Una precedente ricerca aveva già acceso la curiosità. Attraverso uno studio sulle associazioni inconsce, Neurofactor aveva scoperto che molti appassionati di gravel collegavano inconsciamente il carbonio a concetti come fragilità e rischio di rottura, mentre il titanio veniva percepito dal cervello come un materiale praticamente indistruttibile. La domanda era quindi inevitabile: queste aspettative inconsce si sarebbero riflesse anche durante la guida? La risposta è stata sorprendente.

Secondo il principale parametro analizzato, il cervello si è comportato esattamente allo stesso modo sia sulla bici in carbonio sia su quella in titanio. I ricercatori hanno verificato e ricalcolato i dati in diversi modi, ma il risultato è rimasto invariato. Nemmeno il celebre effetto "tappeto volante" spesso attribuito al titanio è emerso nelle registrazioni cerebrali.

«Siamo partiti alla ricerca di una differenza tra titanio e carbonio e non l'abbiamo trovata», spiega il responsabile della ricerca Martijn den Otter. «Non è un fallimento, ma una risposta onesta. Le differenze tra i singoli ciclisti erano di gran lunga superiori a quelle tra le biciclette. Il feeling di guida appartiene soprattutto al ciclista.»

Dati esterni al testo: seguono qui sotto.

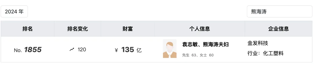2024年3月25日,胡润研究院发布《2024胡润全球富豪榜》,袁志敏、熊海涛以135亿财富位列榜单第1855位。

Ed è forse proprio questa la conclusione più interessante dello studio. Non significa che il telaio non conti, ma che l'esperienza di guida dipende soprattutto dalla persona: dalla sua condizione fisica, dalle sensazioni del momento, dalle aspettative e dal modo in cui interpreta ciò che sta vivendo. I dati suggeriscono che ogni ciclista percepisce una bicicletta in maniera profondamente personale.

Per Pilot il risultato rappresenta quasi un regalo inatteso. «Abbiamo posto questa domanda perché volevamo conoscere la risposta, non perché cercassimo una conferma delle nostre convinzioni», racconta il fondatore Pieter van der Marel. «Un risultato che non evidenzia differenze ha per noi lo stesso valore di uno che le dimostra. E, in fondo, questa conclusione ci piace: se il feeling nasce soprattutto dal ciclista, allora costruire ogni bicicletta su misura per una persona specifica è ancora più sensato.»

Lo studio lascia comunque aperta una pista molto interessante. Nel tratto più tecnico del percorso, i ciclisti in sella alla bici in titanio hanno mostrato un'attività cerebrale compatibile con una minore tensione muscolare e una guida più rilassata, facendo registrare anche tempi leggermente migliori. Si tratta di un segnale ancora debole, limitato a quella sola sezione del circuito e non sufficiente per trarre conclusioni definitive, ma abbastanza promettente da meritare ulteriori approfondimenti. La domanda, dunque, cambia prospettiva. Non più: il titanio è più comodo? Ma piuttosto: il cervello deve lavorare meno per controllarlo?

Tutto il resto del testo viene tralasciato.